A multi-stage recommender system U+007C Image by author

LLM-based recommender system

This work mainly focuses on applying LLM in the ranking stage because of the following reasons:

  1. LLMs’ rich external knowledge, which is complementary to the original dataset, would better identify the relative relationships among items.
  2. LLMs are limited by the token lengths. The ranking stage has a smaller number of candidates to be processed, so it would mitigate the impact of the token limitation.

Briefly, the system is a two-stage architecture whereby the recall stage is implemented using Matrix Factorization (MF) followed by an LLM-based ranking module generating ranks and explanations. Next, I’ll describe the dataset used, and how the recall and ranking stages are implemented and evaluated.


The dataset used is the publicly available MovieLens 100k. This popular benchmark dataset contains 100k movie ratings from 1000 users and 1700 movies. The ratings are then transformed to binary implicit feedback as these are more common in the real world.

ratings['like'] = ratings['rating'] > 3

The processed dataset is shown below. The new column ‘like’ is transformed implicit signal from the original ratings.

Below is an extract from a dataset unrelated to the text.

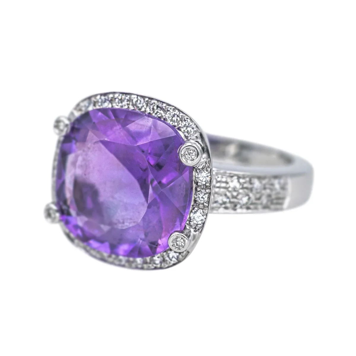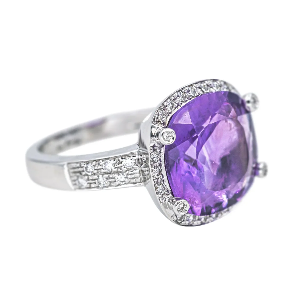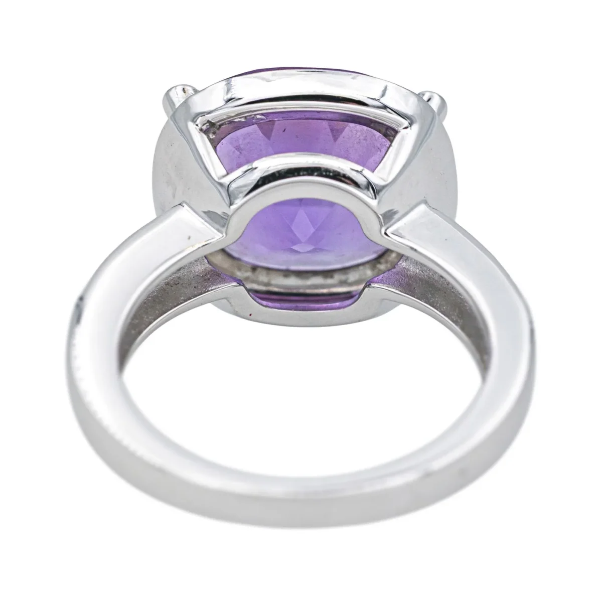 Bague signée de la Maison Poiray en or blanc 750 millièmes (18 carats), modèle Filles Antik, sertie d’une améthyste et de diamants, 1 améthyste taille coussin, d’un poids total d’environ 6 cts, entourée de 35 diamants taille brillant, environ G-VS, d’un poids total d’environ 0,35 ct, (chaque diamant d’un poids d’environ 0,01 ct), largeur sur le dessus : 1,42 cm, tour de doigt : 51, poids total : 7,30 g, poinçon tête d’aigle, vendue avec écrin d’origine et d’époque, numérotée : 34332, excellent état

A sample of MovieLens 100k

Next, the dataset is split into a training set and a test set with a split ratio of 0.9.

train_ratio = 0.9
train_size = int(len(ratings)*train_ratio)
ratings_train = ratings.sample(train_size, random_state=42)
ratings_test = ratings[~ratings.index.isin(ratings_train.index)]

Now, we have the data prepared. Let’s build the recall stage!

Recall stage

The recall stage is implemented using the widely adopted Matrix Factorization, which is a type of collaborative filtering. The basic idea is to project users and items into the same embedding space and model the similarity based on the binary user-item interactions. In terms of implementation, a fast version that is Alternating Least Squares is adopted.

Firstly, the data needs to be transformed into a sparse matrix with the row indices representing user ID and column indices representing item ID. It’s worth noting that the “ID minus 1” operation transforms actual IDs to indices that start from 0.

from scipy.sparse import csr_matrix

n_users = ratings_train['user id'].max()
n_item = ratings_train['item id'].max()
ratings_train_pos = ratings_train[ratings_train['like']]
ratings_test_pos = ratings_test[ratings_test['like']]

row=ratings_train_pos['user id'].values - 1
col=ratings_train_pos['item id'].values - 1
user_item_data = csr_matrix((data, (row, col)), shape=(n_users, n_item))

Now we simply use the interaction matrix to train the MF model using the default parameters.

import implicit

# initialize a model
model = implicit.als.AlternatingLeastSquares(factors=50, random_state=42)

# train the model on a sparse matrix of user/item/confidence weights

As shown by the following function, retrieving the top-N candidate items for a given user is pretty simple. Here, the movies already watched are filtered out as we aim to recommend new ones.

def recall_stage(model, user_id, user_item_data, ratings_train, N):
filter_items = ratings_train[ratings_train['user id']==user_id]['item id'].values
filter_items = filter_items - 1
user_id = user_id - 1

recs, scores = model.recommend(user_id,
recs = recs.flatten() + 1
return recs

Ranking stage

Now, it’s time to build the ranking stage using LLM. Briefly, the idea is that we let LLM tell us if the user likes each item returned by the recall stage based on the user preference in the training data and its own knowledge. This is implemented as a typical few-shot prompt shown below.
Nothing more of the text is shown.